How would you rate your products’ quality? Did you say ‘high quality’? Everyone says that, of course. So you start to think everything manufactured is made in Lake Wobegon, where all the kids are above average, too.
So, what does ‘high quality’ mean and is it worth saying? The short answer is we don’t know and it’s pointless to talk about. Here is the longer discussion of what is wrong:
What got me started thinking about this was Scott Dalgleish's excellent column in Quality Magazine titled
Probing the Limits: The Claim to Good Quality is Free:
"Do you know of any company that does not claim to have good quality? I can’t think of a single company that ever said, “Our quality is fair to poor.” My experience has been that very few companies deliver the good quality that they claim.
My read on this situation—to adapt a phrase from Philip Crosby—is that the claim to good quality is free—and that’s a big problem. "
The situation as he sees it:
- Claims of quality are not supported
- Management doesn’t especially care
- Consumers are cynical and care about price
First and foremost he blames his audience, quality professionals, for taking the teeth out of the ISO-9000 process. Remember when getting an ISO certificate was a bragging point about your company's quality? Today, a quick look around my industry's websites finds very little mention of certification. Scott says that ISO has become a consulting money-grab—one that documents the process, not the quality. So the quality profession has squandered their best hope for standardized quality measurement.
At a deeper level, the teethless claims of quality have dulled the buyer's senses and instead, price becomes the deciding factor. Management only follows the consumer’s interest in price, think Wal-Mart Effect or Dilbert cartoon (see
the one here for a better explanation).
Scott suggests that educating consumers and investors about the value of product quality will drive management to care. That’s an okay idea if it is done well so consumers will listen, but how much will they learn? The new Gillette razor has how many blades? We’ve been given that concrete information in a Super Bowl commercial. But the first question everyone asks is: does this really make it better? Without any worthwhile, concrete, and verifiable information on quality, buyers rely on inference and word-of-mouth, both of which are unreliable. (Hence the growth in WOM marketing, I think.)

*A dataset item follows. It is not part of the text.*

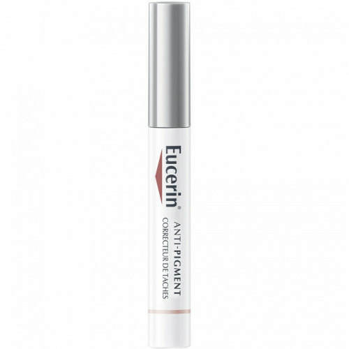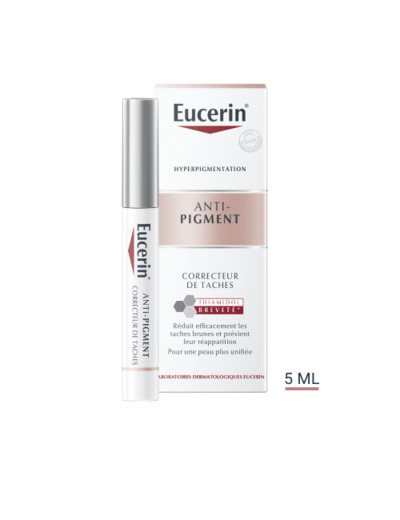 Eucerin ANTI-PIGMENT Correcteur de Taches est un gel non gras avec un applicateur qui facilite l'application précise aux petites zones d'hyperpigmentation. Il contient du Thiamidol, un ingrédient efficace et breveté qui agit à la base de l'hyperpigmentation en réduisant la production de mélanine. Appliqué directement sur les taches brunes, il a été prouvé par des études cliniques et dermatologiques qu'il réduisait et empêchait leur réapparition. Les premiers résultats sont visibles après deux semaines et s'améliorent continuellement avec une utilisation régulière. La peau apparaît plus uniforme.

As a marketer, we are prone to being called liars because we don’t back up claims of quality, but what I am saying here (along with Scott) is that it isn’t our fault alone. Management doesn’t’ care, the consumer is cynical, and quality pros are off on a tangent. In today's online world where marketing-speak is not tolerated, the marketer may just avoid the subject of quality and let the buyer assume that your quality meets whatever minimum standard he or she has.
Scotts point, and mine too, is that this is a systemic problem that has taken quality out of the purchasing decision in many cases. We need some of those above-average kids from Lake Wobegon to come help us fix this mess!
This is one of the rare times when I’ll ask this question and expect some answers:
Your thoughts?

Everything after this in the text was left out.